There is a variable kvm_x86_ops, with the same name:

// arch/x86/kvm/x86.c
struct kvm_x86_ops kvm_x86_ops __read_mostly;

static_call(kvm_x86_mem_enc_ioctl)(kvm, argp);
static_call(kvm_x86_mem_enc_register_region)(kvm, &region);
static_call(kvm_x86_mem_enc_unregister_region)(kvm, &region);
//...

在一些 x86 generic 的 code 会调用到（大多数是在 arch/x86/kvm/x86.c 中）。

VMX specific 的 instance vmx_x86_ops：

// arch/x86/kvm/vmx/vmx.c
static struct kvm_x86_ops vmx_x86_ops __initdata = {
	.name = KBUILD_MODNAME,
    //...
}

kvm_x86_ops 和 vmx_x86_ops 的关系如下所示，一目了然：

static struct kvm_x86_init_ops vmx_init_ops __initdata = {
	.runtime_ops = &vmx_x86_ops,
    //...
};

vmx_init
    kvm_x86_vendor_init(&vmx_init_ops)
    	kvm_ops_update(ops)
static inline void kvm_ops_update(struct kvm_x86_init_ops *ops)
{
	memcpy(&kvm_x86_ops, ops->runtime_ops, sizeof(kvm_x86_ops));

#define __KVM_X86_OP(func) \
	static_call_update(kvm_x86_##func, kvm_x86_ops.func);
#define KVM_X86_OP(func) \
	WARN_ON(!kvm_x86_ops.func); __KVM_X86_OP(func)
#define KVM_X86_OP_OPTIONAL __KVM_X86_OP
#define KVM_X86_OP_OPTIONAL_RET0(func) \
	static_call_update(kvm_x86_##func, (void *)kvm_x86_ops.func ? : \
					   (void *)__static_call_return0);
#include <asm/kvm-x86-ops.h>
#undef __KVM_X86_OP

	kvm_pmu_ops_update(ops->pmu_ops);
}

简单来说就是把 vmx_x86_ops 里的函数指针先 copy 到了 kvm_x86_ops 里面，同时更新对应的 static call。

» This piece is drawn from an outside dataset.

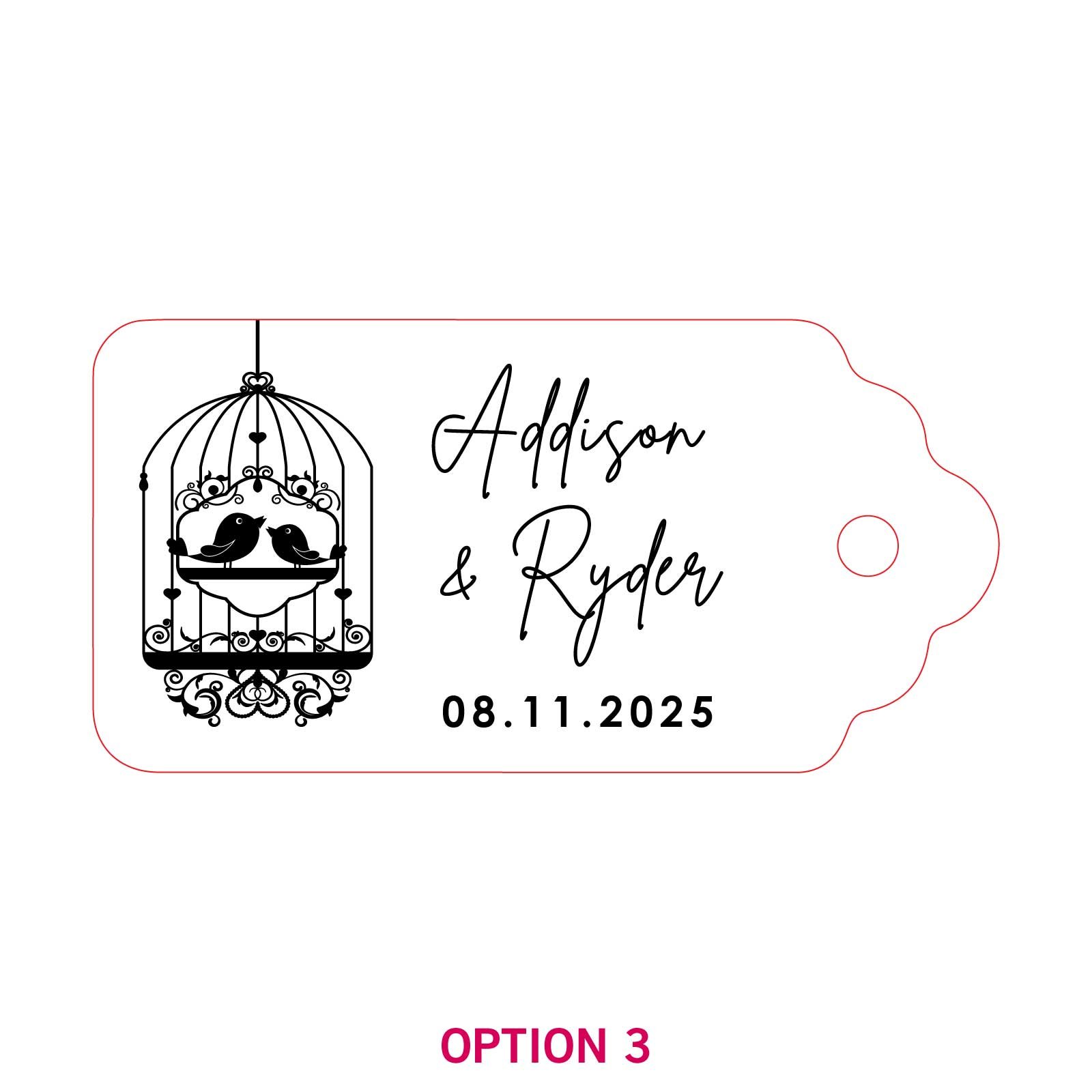 Combined with a wooden engraved gift tag. this rustic-themed bomboniere is the key to a successful wedding celebration.

这样 x86 generic code 里对于函数的调用 static_call(kvm_x86_*) 就会调用到 vendor specific 的 code（VMX），这也是设计这两个 ops 的目的。

vcpu_after_set_cpuid

This hook will be called after setting the CPUID.

path1:

• kvm_vcpu_ioctl_set_cpuid: userspace such as QEMU setup the cpuid by ioctl, works as an interface;
• kvm_set_cpuid: the function to set cpuid for user;
• kvm_vcpu_after_set_cpuid, in the end of kvm_set_cpuid, this will be called.

kvm_x86_init_ops

There is a global variable of this type named vmx_init_ops

kvm_device_ops

kvm_pmu_ops

KVM Caps

KVM_CAP_X86_USER_SPACE_MSR

If enabled, MSR accesses that would usually trigger a #GP by KVM into the guest will instead get bounced to user space through the KVM_EXIT_X86_RDMSR and KVM_EXIT_X86_WRMSR exit notifications.

IMHO, If a MSR is not supported by KVM, then usually it will trigger a #GP to the guest to notify guest this MSR is not supported, if enabled this MSR, KVM can let user space to handle this to achieve a more fine-grained control.